Bagaimana kalau sang raja tidak punya keturunan. Bagaimana pula kalau ternyata semua anak raja perempuan. Masak ada raja yang berjenis kelamin perempuan. Raja itu harus laki-laki. Kalau tidak itu namanya ratu. Biasanya yang berhak mewarisi kekuasaan adalah paman dari raja tersebut. Di sini mungkin konflik belum lahir. Akan menjadi masalah jika kemudian sang paman yang akhirnya menjadi raja itu mangkat, siapa yang berhak menggantikan? Anak lelaki dari paman itu atau anak lelaki dari putri raja terdahulu (cucunya). Bisa-bisa perang saudara.
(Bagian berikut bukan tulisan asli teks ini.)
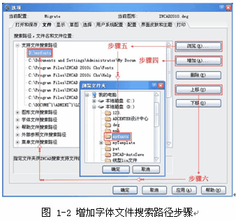 步驟五:點擊“瀏覽”按鈕,通過“瀏覽文件夾”對話框找到“D:myfonts”文件夾,點擊“確定”按鈕,如圖1-2所示。 有人問:“是不是只能增加字體搜索路徑?”答案肯定是:“NO”。CAD的很多文件都可以自定義,比如說:“字體文件、菜單文件、線型文件、填充圖案和圖塊等”。既然屬于可自定義文件,那么都可以通過同樣的方法增加自己的支持文件搜索路徑。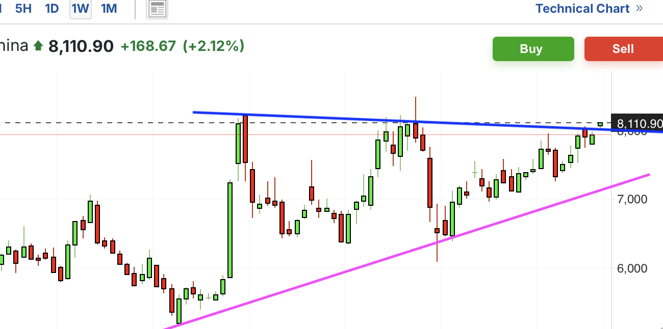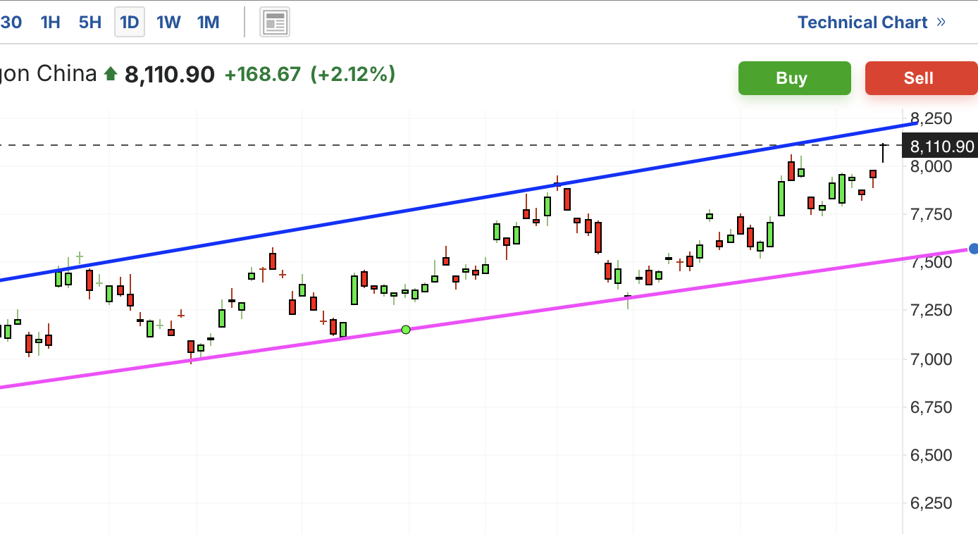 中概股近期反转向上,后受阻于下跌趋势线,周一较大幅度反弹,突破压力位,目前仍处于压力位区域,上方还有另一压力位。从短期看,它进入上升通道,目前已经逼近通道压力位。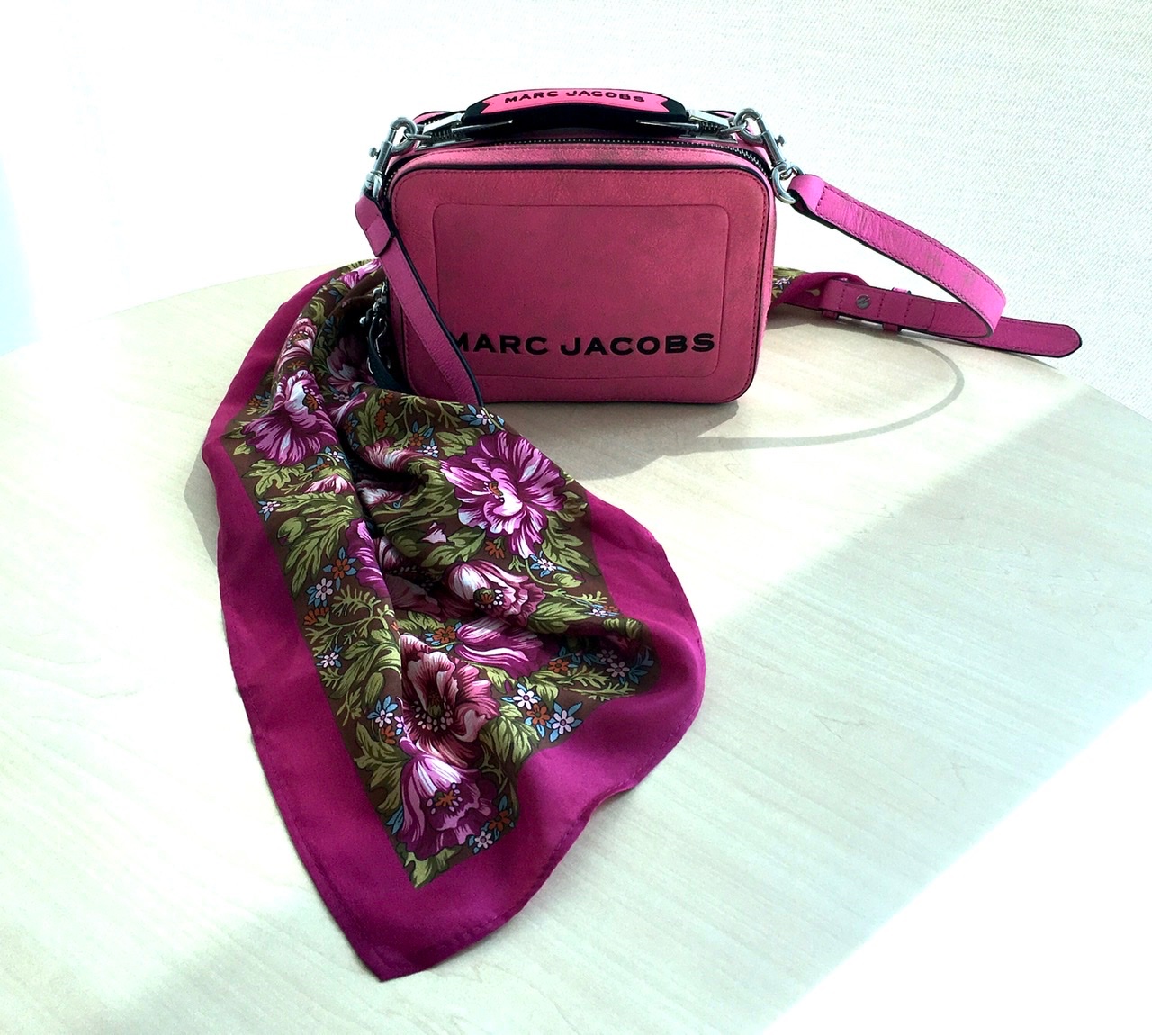 Нежданно-негаданно появилась у меня еще одна сумка Marc Jacobs. Классического бежевого цвета (на фото чуть выбелился). Очень классно смотрится с черными шалями.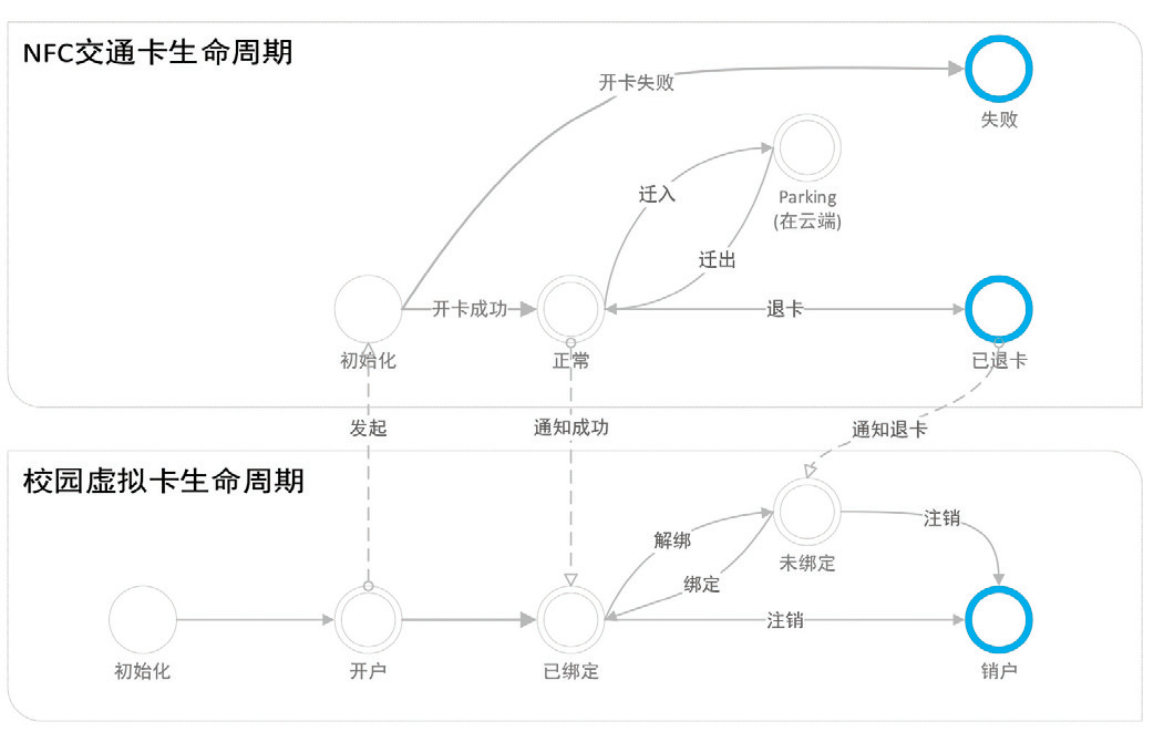 通过综合NFC交通卡与校园虚拟卡的生命周期,可以设计NFC校园虚拟卡的生命周期以及联名卡中交通功能与校园功能之间的的生命周期与交互如图8所示。

Sisi yang lain lagi, kecemburuan. Bagaimana jika sekitar 40 kerajaan di nusantara menuntut keistimewaan yang sama. Artinya raja mereka masing-masing menuntut diangkat otomatis menjadi kepala pemerintahan di daerah setempat. Seumur hidup dan dapat diwariskan kepada keturunannya.
Siniskah saya kepada Jogja? Ah tidak. Penetapan atau pemilihan gubernur di Jogja bagi saya Jogja telah istimewa di hati saya. Saya hanya bosan dengan pendapat orang-orang yang hanya menyempitkan persoalan keistimewaan Jogja pada masalah kekuasaan an sich. Kenapa tidak digali keistimewaan pada bidang yang lain saja. Saya yakin itu masih banyak.
Sekarang isu ini lenyap, tapi saya yakin suatu saat akan berhembus lagi. DPR dan pemerintah akan membahas RUUK Jogja. Bisa dipastikan pro kontra akan marak lagi. Dan bisa dipastikan pro kotra lebih terpaku pada satu topik, yakni jabatan gubernur. Sebagian rakyat Jogja telah bersikap, tentunya mereka telah cermat dengan konsekuensi ke depannya. Undang-Undang sebisa mungkin dibuat bukan karena kepentingan sesaat. Karena itulah pembuatan peraturan dirancang berlaku untuk tempo yang lama. Juga bukan tergantung pada figur. Semoga pilihan rakyat Jogja tidak salah.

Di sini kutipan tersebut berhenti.